* Materials provided *
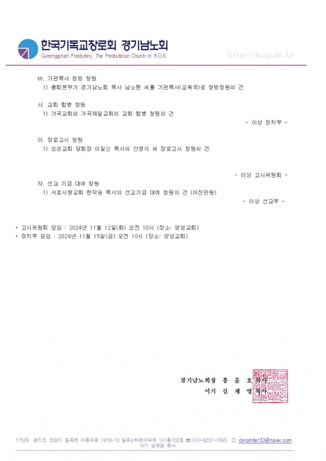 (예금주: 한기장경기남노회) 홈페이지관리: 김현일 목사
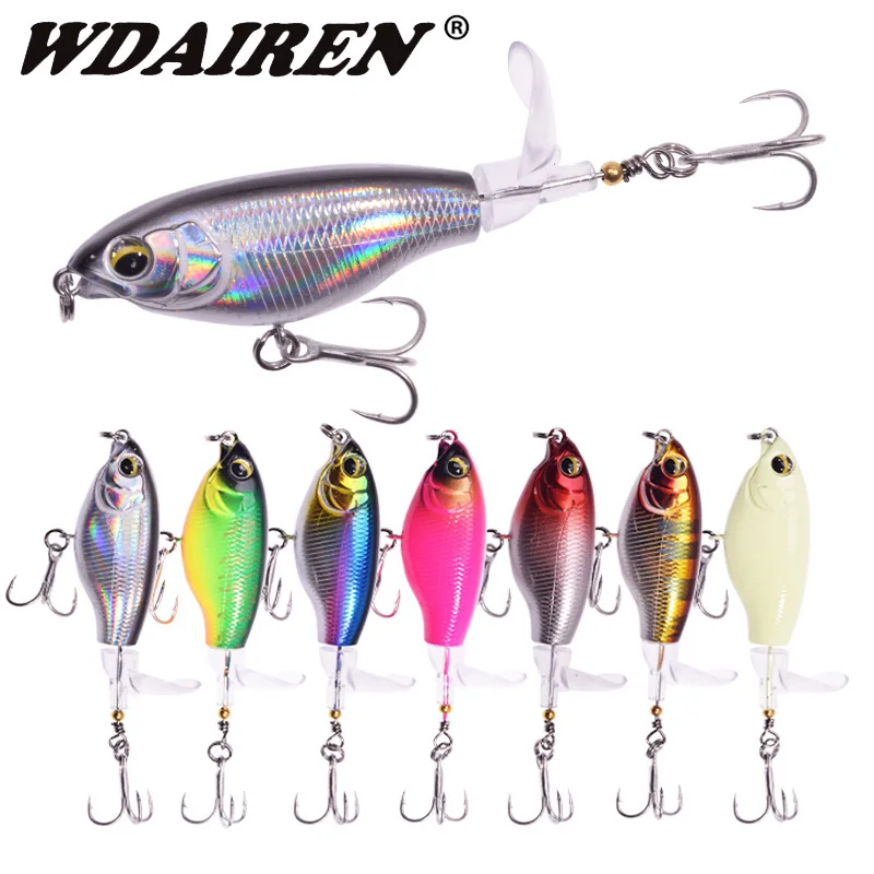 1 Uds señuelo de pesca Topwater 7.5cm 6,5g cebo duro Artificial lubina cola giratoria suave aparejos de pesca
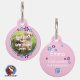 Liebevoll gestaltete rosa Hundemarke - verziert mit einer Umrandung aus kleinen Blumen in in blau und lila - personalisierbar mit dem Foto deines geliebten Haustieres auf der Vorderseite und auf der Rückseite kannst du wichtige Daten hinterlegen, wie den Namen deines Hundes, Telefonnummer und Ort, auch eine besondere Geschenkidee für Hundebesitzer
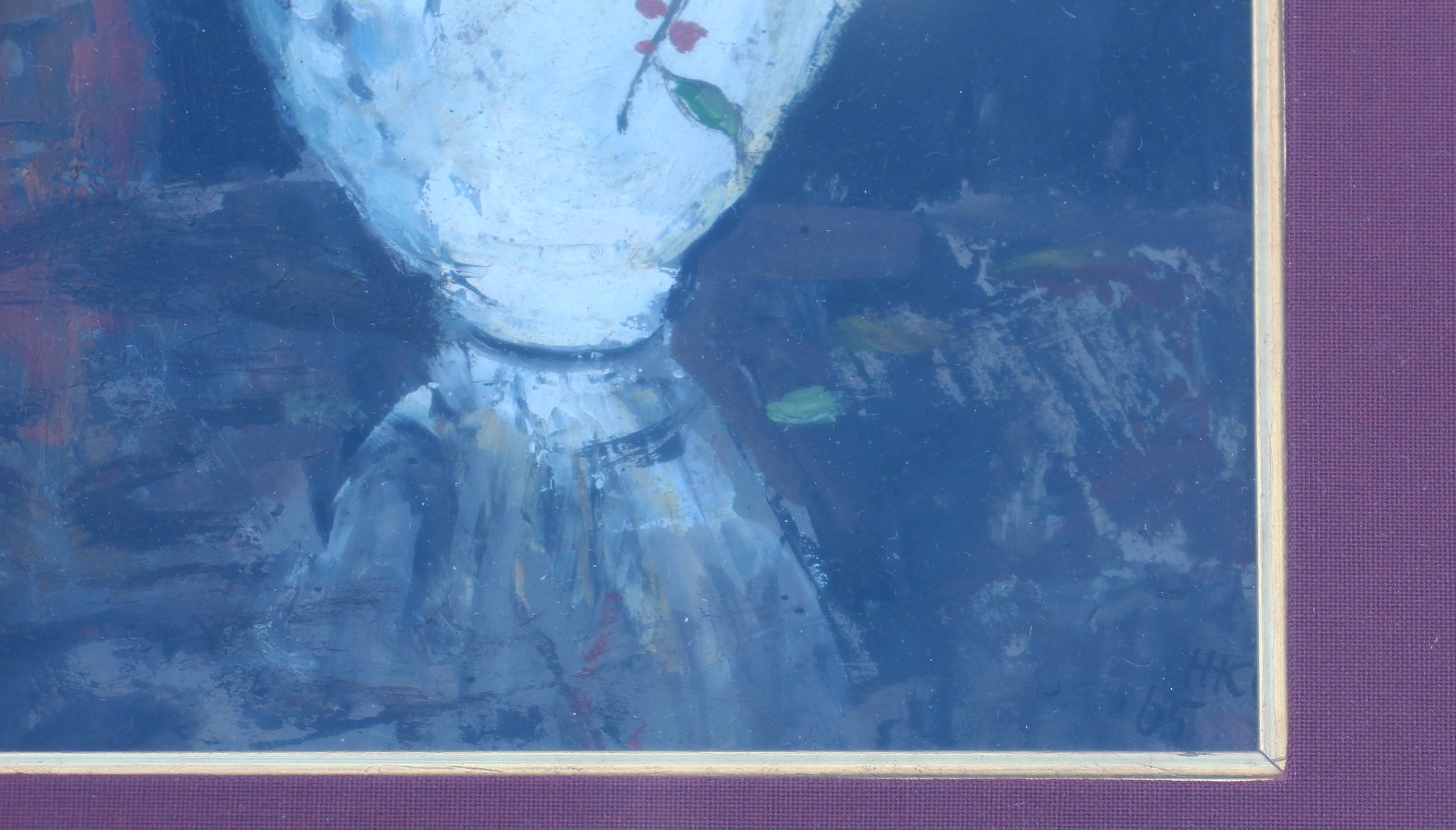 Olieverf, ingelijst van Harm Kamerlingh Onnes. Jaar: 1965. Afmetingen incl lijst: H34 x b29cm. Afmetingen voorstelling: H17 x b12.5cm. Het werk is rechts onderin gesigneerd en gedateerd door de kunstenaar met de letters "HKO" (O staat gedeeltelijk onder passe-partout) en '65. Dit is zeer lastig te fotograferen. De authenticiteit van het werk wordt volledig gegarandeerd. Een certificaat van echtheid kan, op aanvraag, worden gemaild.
--
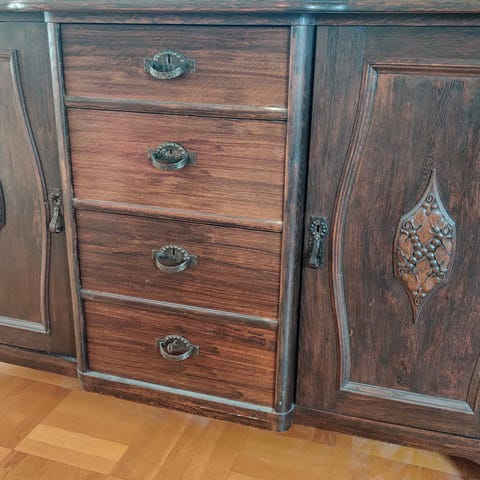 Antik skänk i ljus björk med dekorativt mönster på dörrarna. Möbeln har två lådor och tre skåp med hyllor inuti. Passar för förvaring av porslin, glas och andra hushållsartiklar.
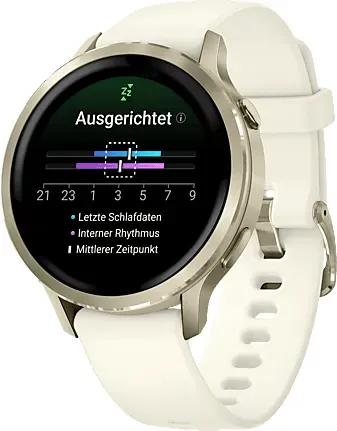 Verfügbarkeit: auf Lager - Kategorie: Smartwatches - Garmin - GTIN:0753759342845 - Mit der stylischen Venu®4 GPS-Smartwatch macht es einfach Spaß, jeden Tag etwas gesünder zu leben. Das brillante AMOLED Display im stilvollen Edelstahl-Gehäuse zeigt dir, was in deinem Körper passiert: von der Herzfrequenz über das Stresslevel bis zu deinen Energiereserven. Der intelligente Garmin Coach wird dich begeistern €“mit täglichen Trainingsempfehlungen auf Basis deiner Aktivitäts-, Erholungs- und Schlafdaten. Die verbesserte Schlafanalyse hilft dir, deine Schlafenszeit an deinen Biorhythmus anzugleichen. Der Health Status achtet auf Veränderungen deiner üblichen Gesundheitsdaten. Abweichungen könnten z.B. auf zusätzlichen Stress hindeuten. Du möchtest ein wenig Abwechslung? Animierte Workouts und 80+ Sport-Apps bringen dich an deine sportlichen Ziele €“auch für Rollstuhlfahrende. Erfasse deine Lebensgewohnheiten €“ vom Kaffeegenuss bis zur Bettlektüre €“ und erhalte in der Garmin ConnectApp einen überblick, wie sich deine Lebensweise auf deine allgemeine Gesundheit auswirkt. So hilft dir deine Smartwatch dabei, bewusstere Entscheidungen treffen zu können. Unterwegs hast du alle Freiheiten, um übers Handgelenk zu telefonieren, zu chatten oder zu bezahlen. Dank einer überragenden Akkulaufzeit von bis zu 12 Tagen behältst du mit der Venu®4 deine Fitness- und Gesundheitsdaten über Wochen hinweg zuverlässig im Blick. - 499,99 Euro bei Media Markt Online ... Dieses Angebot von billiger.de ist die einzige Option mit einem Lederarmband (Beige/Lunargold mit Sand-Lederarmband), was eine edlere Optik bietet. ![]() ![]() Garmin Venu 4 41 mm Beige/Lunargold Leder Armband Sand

* Activity *
From the data above, retype only the lines starting with the line with "1 Uds señuelo" and going on through the line with "Olieverf, ingelijst van", exactly, leaving out the pictures.

* Your response *
 1 Uds señuelo de pesca Topwater 7.5cm 6,5g cebo duro Artificial lubina cola giratoria suave aparejos de pesca
 Liebevoll gestaltete rosa Hundemarke - verziert mit einer Umrandung aus kleinen Blumen in in blau und lila - personalisierbar mit dem Foto deines geliebten Haustieres auf der Vorderseite und auf der Rückseite kannst du wichtige Daten hinterlegen, wie den Namen deines Hundes, Telefonnummer und Ort, auch eine besondere Geschenkidee für Hundebesitzer
 Olieverf, ingelijst van Harm Kamerlingh Onnes. Jaar: 1965. Afmetingen incl lijst: H34 x b29cm. Afmetingen voorstelling: H17 x b12.5cm. Het werk is rechts onderin gesigneerd en gedateerd door de kunstenaar met de letters "HKO" (O staat gedeeltelijk onder passe-partout) en '65. Dit is zeer lastig te fotograferen. De authenticiteit van het werk wordt volledig gegarandeerd. Een certificaat van echtheid kan, op aanvraag, worden gemaild.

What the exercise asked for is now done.